> Provided material
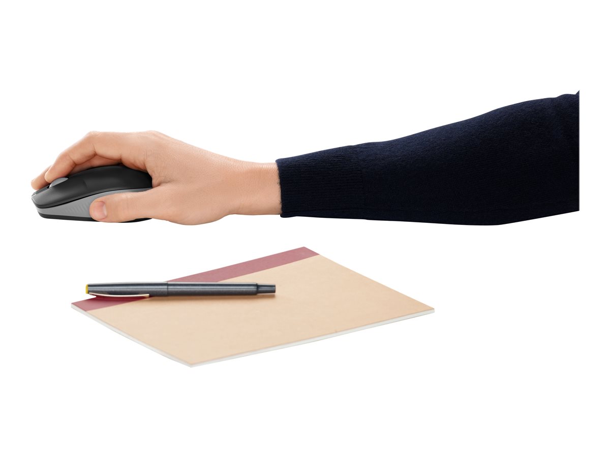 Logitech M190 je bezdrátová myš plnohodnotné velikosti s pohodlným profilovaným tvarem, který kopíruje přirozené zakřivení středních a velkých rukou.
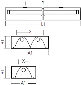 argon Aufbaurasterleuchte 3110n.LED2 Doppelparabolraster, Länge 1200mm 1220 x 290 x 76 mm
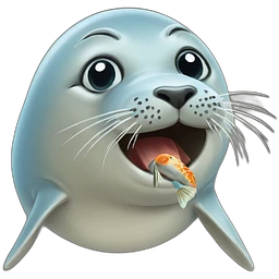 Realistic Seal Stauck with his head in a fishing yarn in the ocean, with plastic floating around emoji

> Exercise details
Omit the pictures and write out exactly the lines from the one containing "argon Aufbaurasterleuchte 3110n.LED2" through the last line of the material.

> Answer box
 argon Aufbaurasterleuchte 3110n.LED2 Doppelparabolraster, Länge 1200mm 1220 x 290 x 76 mm
 Realistic Seal Stauck with his head in a fishing yarn in the ocean, with plastic floating around emoji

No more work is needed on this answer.